EXERCISE DATA ▸
_ _ _ _
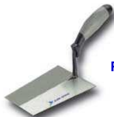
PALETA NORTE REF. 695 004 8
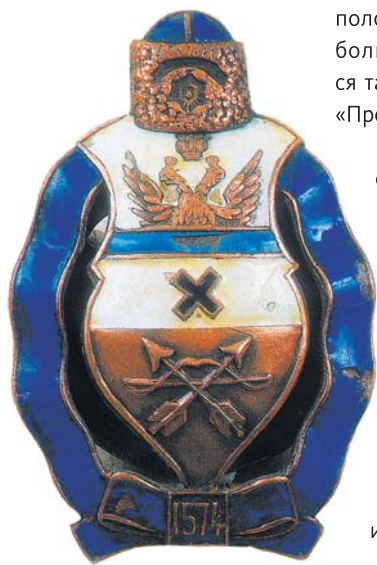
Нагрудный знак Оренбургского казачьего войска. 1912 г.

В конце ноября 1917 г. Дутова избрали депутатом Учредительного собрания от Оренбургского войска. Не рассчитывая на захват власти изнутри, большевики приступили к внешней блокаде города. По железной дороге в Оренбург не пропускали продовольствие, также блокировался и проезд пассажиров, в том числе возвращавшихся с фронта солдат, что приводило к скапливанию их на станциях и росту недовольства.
_ _ _ _
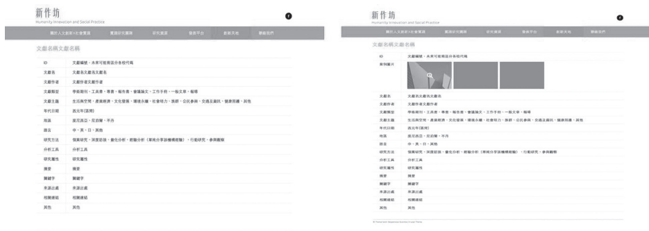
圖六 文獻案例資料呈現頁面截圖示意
_ _ _ _
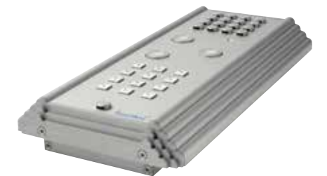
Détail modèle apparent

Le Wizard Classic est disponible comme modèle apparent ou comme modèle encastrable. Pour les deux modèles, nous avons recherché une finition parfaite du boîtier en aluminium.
_ _ _ _
ACTIVITY ▸ Please return the lines above that run from the line containing "Détail modèle apparent" to the line containing "Le Wizard Classic", inclusive, exactly and with no other lines.

RESULT BELOW ▸
Détail modèle apparent

Le Wizard Classic est disponible comme modèle apparent ou comme modèle encastrable. Pour les deux modèles, nous avons recherché une finition parfaite du boîtier en aluminium.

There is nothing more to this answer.